His vast storytelling set to the whimsical sounds of bluegrass, country, folk, jazz, punk and rock ‘n’ roll that commonly correlate to the time, location and narrative of the subject of the song allows the listener to glance at the different facets of the female experience across history.
Opening track “Jinny Bingham’s Ghost” leads in with serene charm of Turner’s voice alerting patrons of Camden to be “sure to raise a toast/To the patron saint of the waifs and strays/To Jinny Bingham’s ghost.”
The folk essence becomes more upbeat as the band floods into a stream of continuous intensity as the lyrics similarly intensify as Turner chronicles the unique means of death that occurred for the men amongst Bingham.
Sentenced to be hung, she died with tragedies and questionable morals haunting her reputation. As the upbeat nature creeps into a slow, eerie essence, it is learned that the devil stood beside her.
The prevalent, folk essence is then replaced with a riveting, blues-and-soul sound with the swinging of rock ‘n’ roll guitar riffs commemorating Sister Rosetta Tharpe’s everlasting effect on music on track “Sister Rosetta.” As the “Godmother of Rock ‘N’ Roll,” she left her impact on musicians like Elvis Presley, Chuck Berry and Johnny Cash.
Despite the lack of acknowledgement in the present for her role in music, “She knew that strange things happen every day/And that the white boy hype would eventually fade/But the way that she played would remain/Rosetta’s in the hall of fame.”
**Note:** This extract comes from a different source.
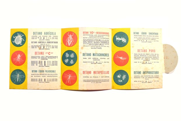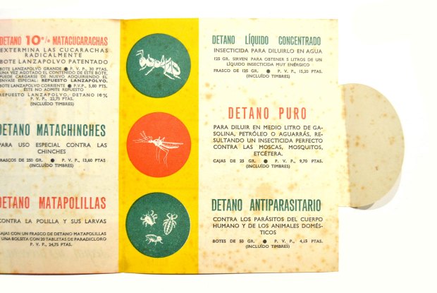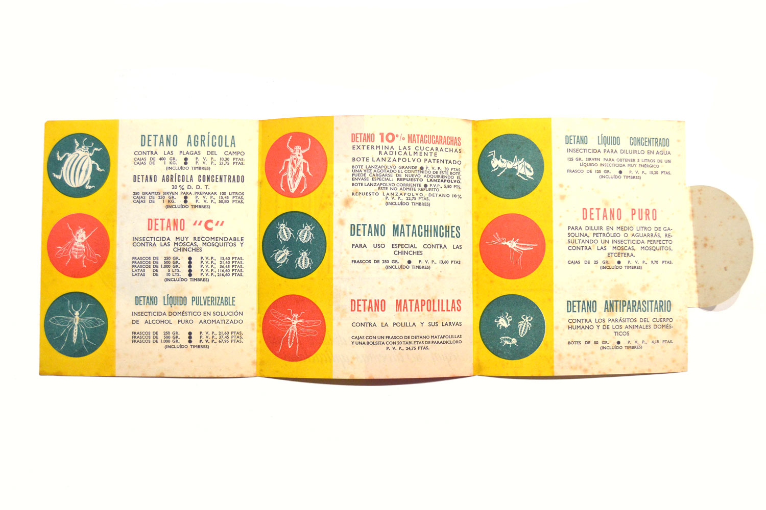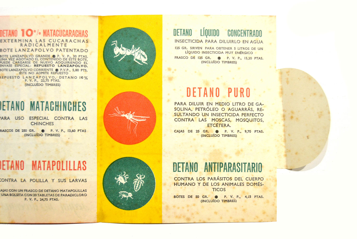 Destaco dos productos. Por un lado, DETANO LÍQUIDO PULVERIZABLE cuyo DDT estaba en solución de alcohol puro aromatizado. Deduzco que al pulverizar el producto en una habitación, debía quedar rápidamente libre de moscas y mosquitos. Y por otro lado, DETANO ANTIPOLILLAS que era servido en una caja que contenía un frasco de DETANO MATAPOLILLAS y una bolsita con 20 tabletas de paradiclorobenceno. El primero, pulverizado sobre la ropa, servía para cortar de cuajo el ciclo de la polilla. Y el segundo, para prevenir la infestación.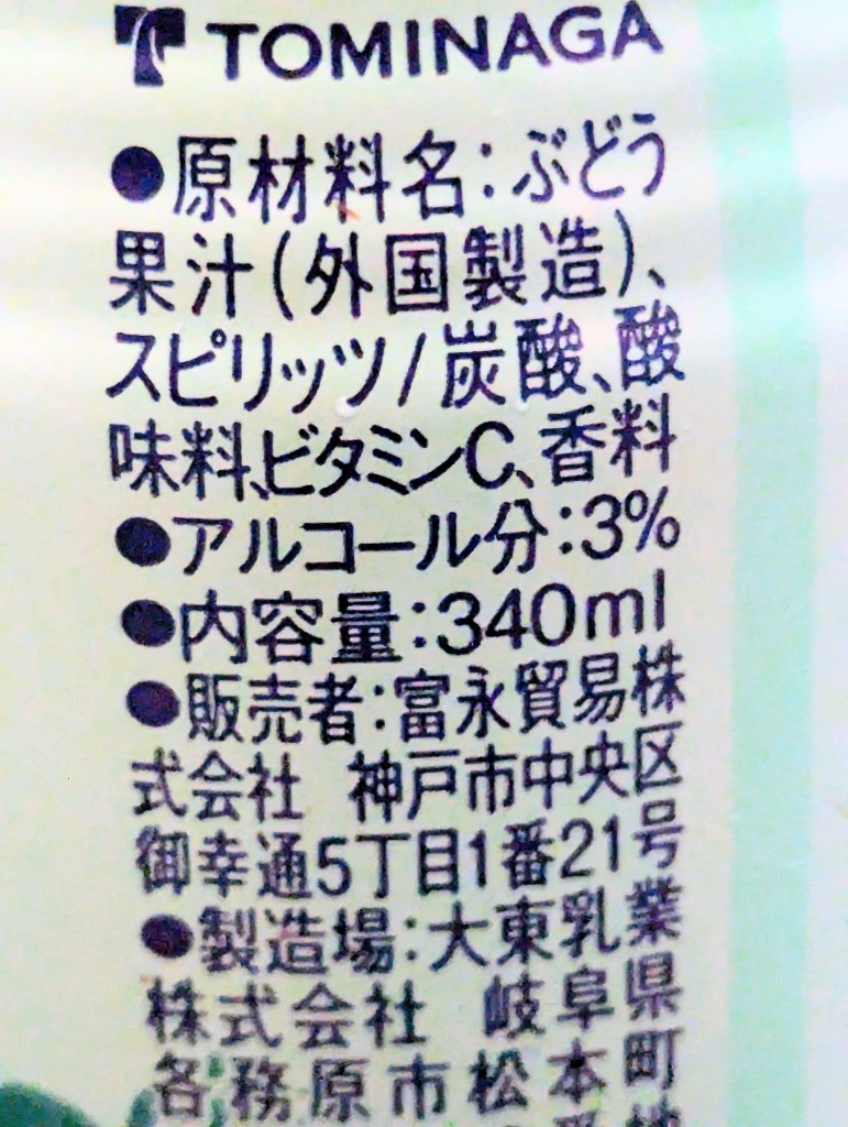 炭酸入り白ぶどうジュースの軽いアルコール感が美味しかった。どぎつい甘さではないので、飲みやすかった。

Amongst the amalgamation of musical genres that appear as one of Turner’s most generally diverse albums yet, he returns to his more traditional, acoustic sound for the tale of Byzantine composer and poet Kassiani on track “The Hymn Of Kassiani.”
This track also serves as an example of the shifting narratives across the album. Turner performs with a first-person view as if he is peering into Kassiani’s thoughts instead of a third-person view that details the narrative from simply an outside perspective.
After detailing these historical women from far away land, he returns to his homeland and to the woman vital in who he is today: his mom.
On track “Rosemary Jane,” Turners pulls on heartstrings in this beautifully-crafted song with an underlying, heavenly essence that transcends superficiality and presents the trials and tribulations that leads to her individual fabric and relationship with the world, her kids and herself.
Listening to No Man’s Land LP leads to the feeling of necessity to bring more light to historical women with diverse racial backgrounds, morals and modes of lifestyle, which also provoking interest in telling the stories of modern individuals that embody and are currently affected by the lives of those presented across the album.